From a green wall in reception to a proliferation of pot plants around the workplace, a bit of greenery goes a long way. As well as absorbing carbon dioxide and making the office look more attractive, there are psychological benefits to be had too. According to 2014 research by the University of Exeter, adding just one plant per square metre improved employees’ memory retention and performance in basic tests.

Get some fresh air

While it isn’t necessary to put a running track on the roof as they did at London’s White Collar Factory, grabbing some air shouldn’t just be the preserve of smokers on their breaks. Many new office buildings now include a roof terrace which doubles up as extra workspace but even opening up an unloved courtyard or providing new furniture on a terraced area could encourage employees to leave their desks.

Cutting down on noise

Property firm Cushman & Wakefield’s report on wellness states that over half of employees report that even ambient noise reduces their work satisfaction and productivity. There are lots of products on the market to keep things at a lower volume  from ceiling panels to screens to lampshades made of special felt.
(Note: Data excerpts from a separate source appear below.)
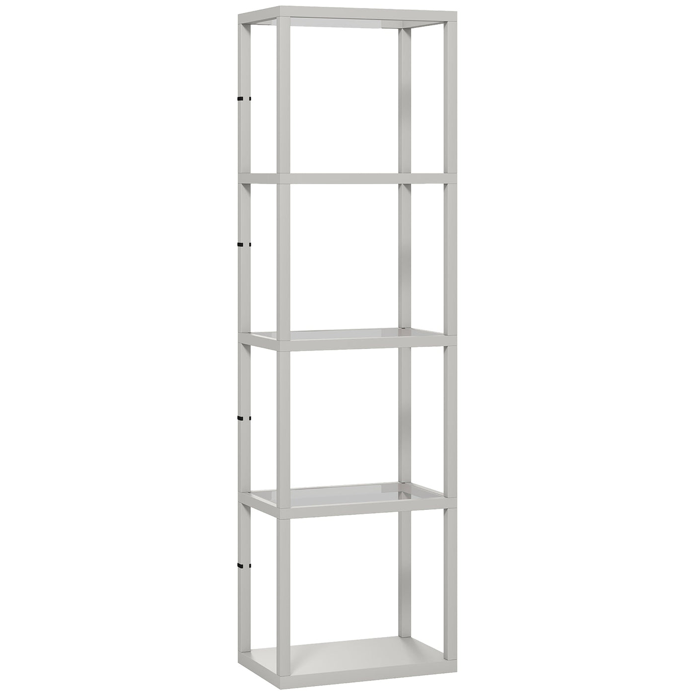 HOMCOM LED Floor Lamp with Glass Shelves, 4 Layers Dimmable Tall Standing Lamp, Modern Column Shelf Floor Light for Living Room, Bedroom, Office, Grey - Grey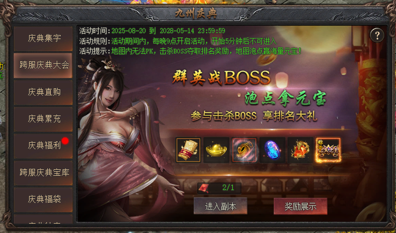 「庆典烟花大会」消耗门票,跨服世界BOSS,争夺庆福券;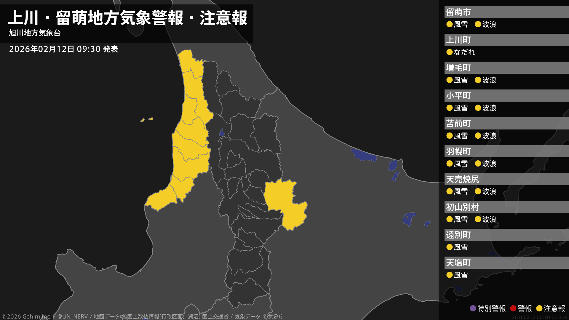 【上川・留萌地方 気象警報・注意報 2026年02月12日 09:30】留萌地方では、13日昼前まで風雪に、12日昼過ぎから12日夜遅くまで高波に注意してください。上川地方では、12日までなだれに注意してください。#気象警報注意報 #上川地方 #留萌地方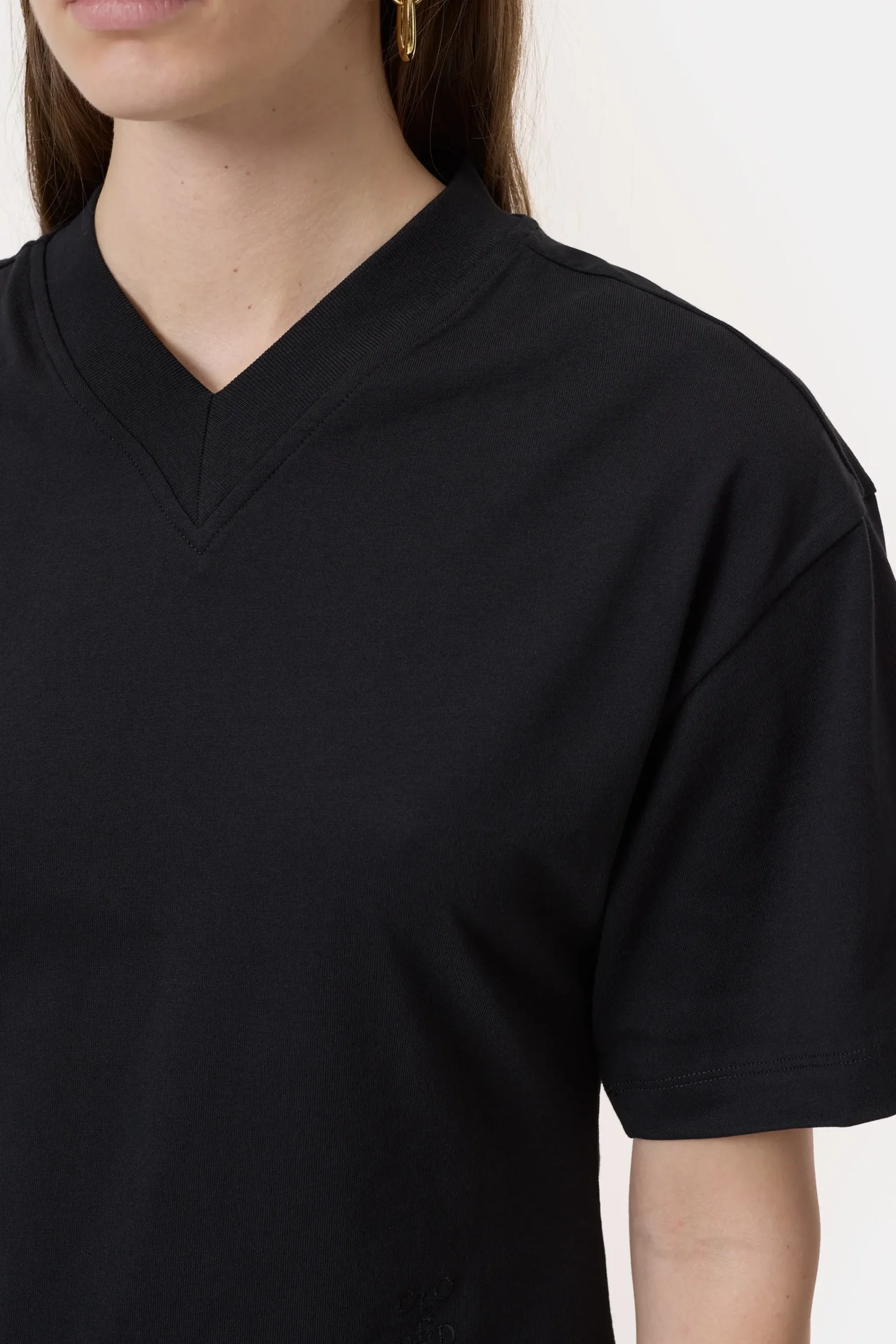 Dieses kurze T-Shirt mit V-Ausschnitt ist aus reiner Bio-Baumwolle gefertigt. Es hat einen weichen Griff, eine saubere…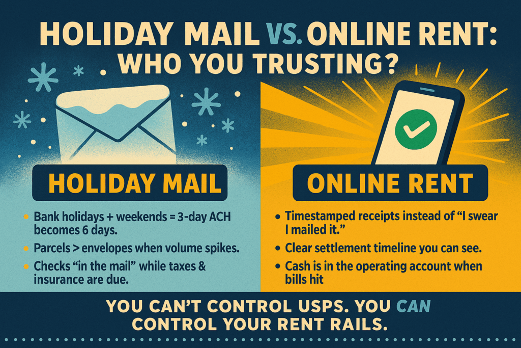 If you’ve managed rentals for more than a season, you’ve lived the holiday timing dance: checks that “went out Friday,” envelopes that sit in a sorting center, bank holidays stacked next to weekends, and tenants who swear the mailman is personally plotting against their ledger. You can’t fix USPS routing or bank calendars—but you can design a rent collection system that doesn’t depend on the mailbox at all.

Clearly signposting areas for quieter, more concentrated work could also do the trick.

Let there be light

As autumn and winter approach, it’s worth bearing in mind that Forbes recently reported that 40% of office workers struggle to work in poor lighting every day. Lack of access to light has been associated with a range of health conditions from eye strain to headaches to seasonal affected disorder (SAD). Solutions range from placing desks around the perimeter of an office to maximise natural daylight to staff using an app to control their own lighting.

Flex it up

Most people fall into the ‘ambivert’ category throughout the working day. At certain times, they are craving the comfort of their own desks for concentrated work and at other times needing to break out and collaborate so provide plenty of variety of settings to keep them happy. This can be as simple as a breakfast bar in the kitchen for an impromptu catch up or an executive office that doubles up as a meeting room.